Song by Frock Destroyers

from the album Frock4Life
- Released: 31 October 2019
- Genre: Pop
- Length: 2:31
- Label: World of Wonder;
- Songwriters: Freddy Scott, Leland; Baga Chipz; Blu Hydrangea; Divina de Campo;
- Producers: Freddy Scott, Leland

= Break Up (Bye Bye) =

"Break Up (Bye Bye)" is a song recorded by British drag girl group the Frock Destroyers for the Girl Group Battle Royale challenge during their stint on the first series of the reality television competition, RuPaul's Drag Race UK. During the episode the contestants had to create girl groups to participate in the challenge; there were two versions of the song released, the first being by Divina de Campo, Baga Chipz and Blu Hydrangea. The alternate version was released by Filth Harmony, consisting of Drag Race UK winner The Vivienne, Cheryl Hole and Crystal, however the latter did not chart. The song was released on 31 October 2019. The song was also included in the band's debut album, Frock4Life, which was released 11 December 2020. The song was primarily written by Leland and Freddy Scott with De Campo, Chipz and Hydrangea writing the lyrics for their individual verses.

Upon the release, the song proved an instant hit with the British viewers, charting at number 35 on the Official UK Charts, becoming the highest charting song by a drag queen, since RuPaul's "Supermodel (You Better Work)", until the following year when United Kingdolls released "UK Hun?" which charted at number 27.

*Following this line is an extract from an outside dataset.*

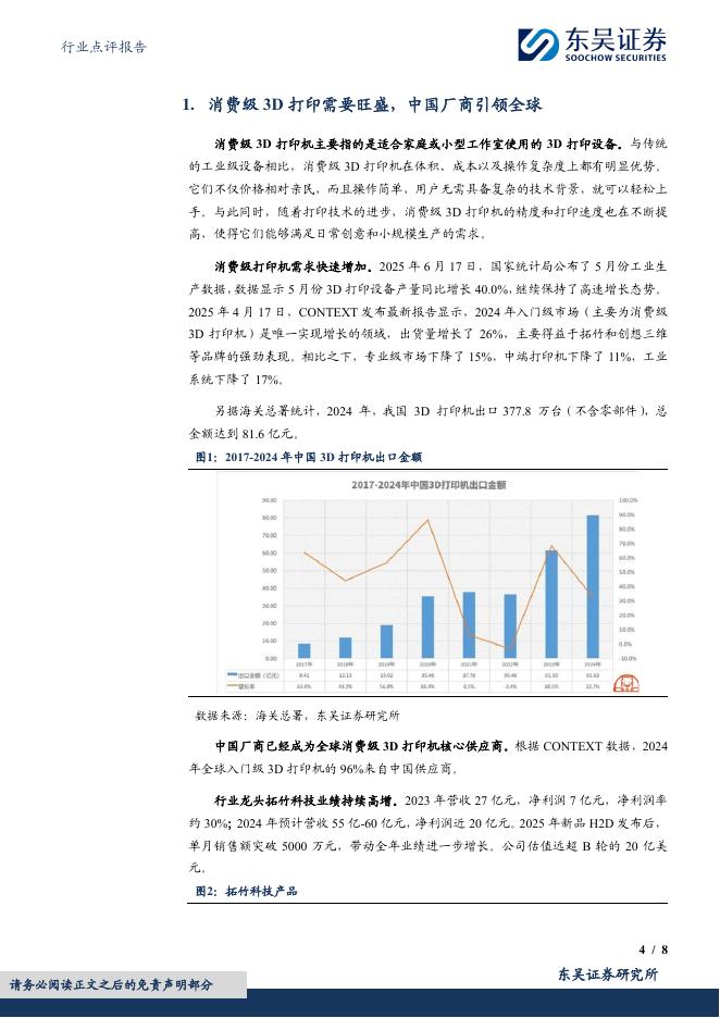 东吴证券:计算机行业点评报告:消费级3D打印迎来奇点时刻,关注产业投资机会.pdf
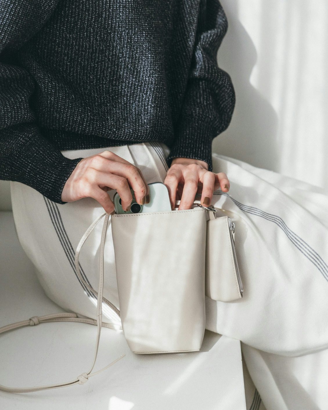 ミニポーチはファスナー以外は縫製を表に出さず、つるんとニュートラルな印象にしました。細部までこだわって、上品な佇まいを形にしています。

==Background, composition and reception==
"Break Up Bye Bye" was originally performed by the Frock Destroyers during a girl group challenge on Drag Race, in which contestants were required to write and perform an original song. Lyrically, Baga Chipz alludes to anal sex in the song, which was written by Leland and Freddy Scott. MNEK served as a guest vocal coach during the girl group episode, with him also being credited as a producer. The pop anthem sees Divina de Campo sing "repeated whistle tone notes layered into the chorus".

==Live performances==
Following Drag Race, the Frock Destroyers embarked on a three-stop UK tour. Shows featuring individual and group performances were held at Powerhouse in Newcastle upon Tyne, Cruz 101 in Manchester and the Nightingale Club in Birmingham, during 17–19 November 2019. For Digital DragCon, an online event replacing RuPaul's DragCon LA in May 2020 because of the COVID-19 pandemic, Blu Hydrangea recreated the trio's performance of "Break Up Bye Bye" in isolation by impersonating Baga Chipz and Divina de Campo. Daniel Megarry of Gay Times complimented her work.

== Track listing ==

Digital download and streaming
- "Break Up (Bye Bye)" – 2:31
- "Break Up (Bye Bye)" (Much Betta remix) – 3:36
- "Break Up (Bye Bye)" (Rock remix) – 2:52

Vinyl
1. "Break Up (Bye Bye)"
2. "Break Up (Bye Bye)" (Much Betta remix)
3. "Break Up (Bye Bye)" (Markaholic remix)
4. "Break Up (Bye Bye)" (Freddy Scott remix)

==Chart performance==
After the girl group episode of Drag Race aired, "Break Up Bye Bye" peaked at number 35 on the UK Singles Chart and number 10 on The Official Big Top 40, becoming the highest chart position for a drag group. The song also prompted a petition for the Frock Destroyers to represent the United Kingdom in the Eurovision Song Contest to garner at least 10,000 signatures, while it peaked at number 44 on the Billboard Hot Dance/Electronic Songs chart in the United States.